[Jen Young] 2022-10-13T07:00:00Z
Comparing my garden to my neighbor’s… don’t do this!
This year’s gardening projects kinda felt like a failure. I looked two houses down and my friend’s sunflowers were taller than her house. Mine never grew. Her pepper plants were as wide and tall as I am tall, full of peppers. Ours are paltry in comparison. Her other gardening space was overflowing with luscious looking gourds, peas, greens… so many things.
And my yard… well my tomato project is relatively successful. I planted numerous varieties, and have about a dozen clear varieties growing. About half of which are tasty, produced well, didn’t get demolished by all the Japanese beetles, and weren’t overcome with blossom end rot or egregious cracking. One variety is incredibly prolific, Red Currant Cherry, but is so annoying to harvest because they’re all the size of peas. (If anyone wants some of this seed, tell me. Otherwise, it’s not getting saved.) My black cherry tomatoes were also prolific, taste better, and look better. Win.

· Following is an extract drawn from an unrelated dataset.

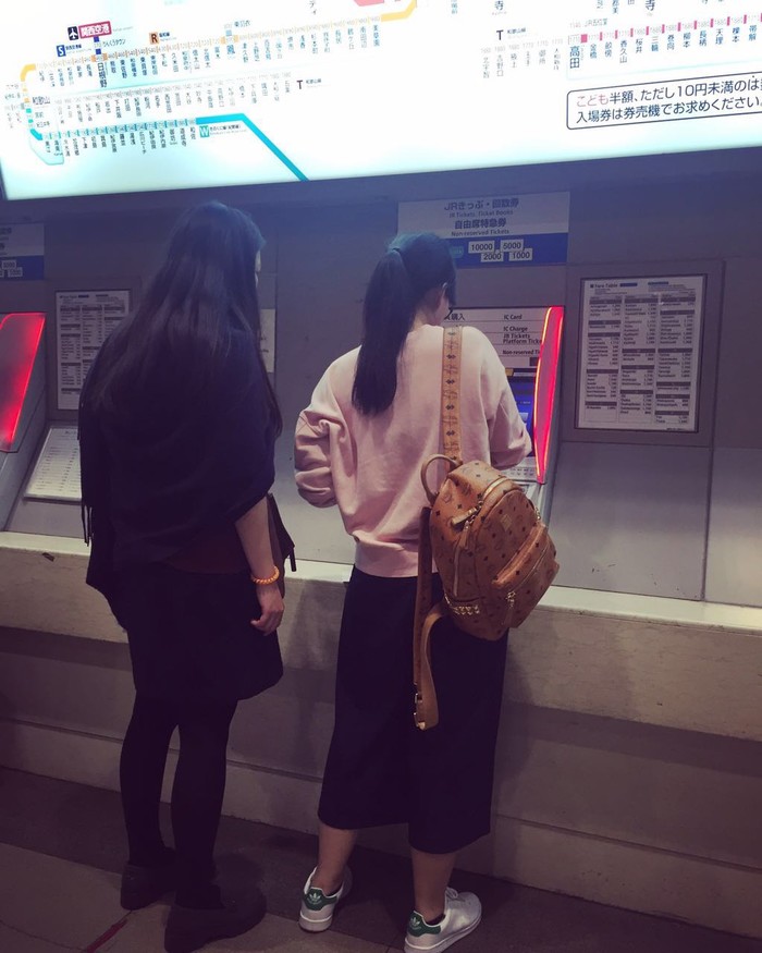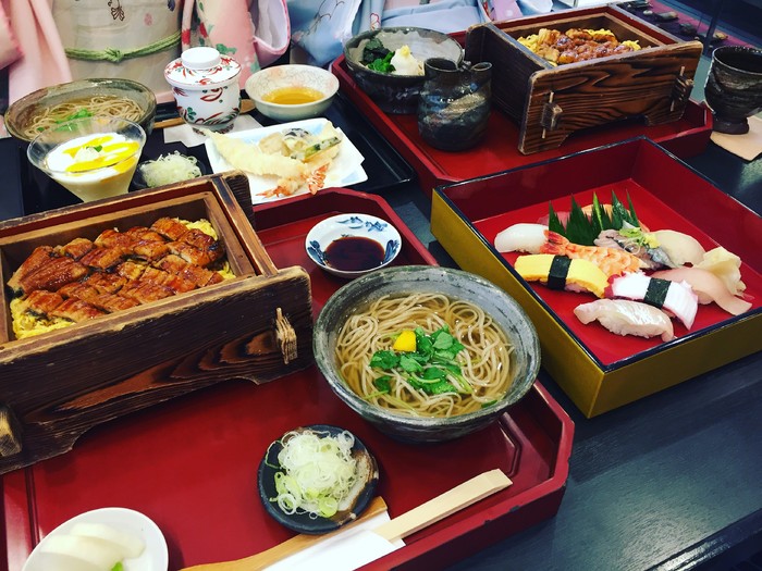 和闺蜜来一张这样的照片,真的很美好呀,少女feel爆棚,哈哈,满满的都是回忆。午饭吃了鳗鱼饭和荞麦面,味道总体还行,有懂中文的店员,交流无障碍。

I had about 5 corn plants out of… maybe 50? actually grow and produce something. Mind you, I’m not the kind of gardener who prepares the beds and does all the nice things for the plants. There’s a sunny, west hillside by my house that I planted a bunch of it in between old, patchy grass, ragweed, and pokeberry. Trimmed down around it a few times, but it had to get tall enough for me to see amidst its grassy friends before I hacked away. Of the five corn plants, maybe 2 got bigger than two feet tall. Sad. I look over at the corn my friend planted in the garden area next to my yard and hers are over 8ft tall. /sigh. Was feeling pretty meh about it all.
But then on the call yesterday when Joseph mentioned that it took him years to get viable seed from a project… well, dang. That was actually encouraging. My corn looks deformed and not very palatable, but it actually made seed in the first year with so few inputs - I soaked it, I planted it, I chopped down the weeds once or twice… a different neighbor “mowed it for me” when it was all first starting growing… - but otherwise, it struggled itself into existence.
My neighbor down the street? She piles on lots of compost, manure, tends it daily, traps bugs, fights off wood chucks, waters it regularly… lots of inputs. And she has a beautiful garden for it! But it’s comparing two completely different styles of gardening (and intentions for the result) and expecting the same outcome, which isn’t realistic and sets myself up for disappointment in the now. I have to remind myself I’m growing for the long term - years from now when I can plant seeds and let them do their thing without me fussing over them. I may not have reached my #lifegoal of producing 90% of my own produce this year, but there’s still a lot of life left to achieve that one.
Our Bloody Butcher harvest…
Our bean harvest can feed the whole village all winter!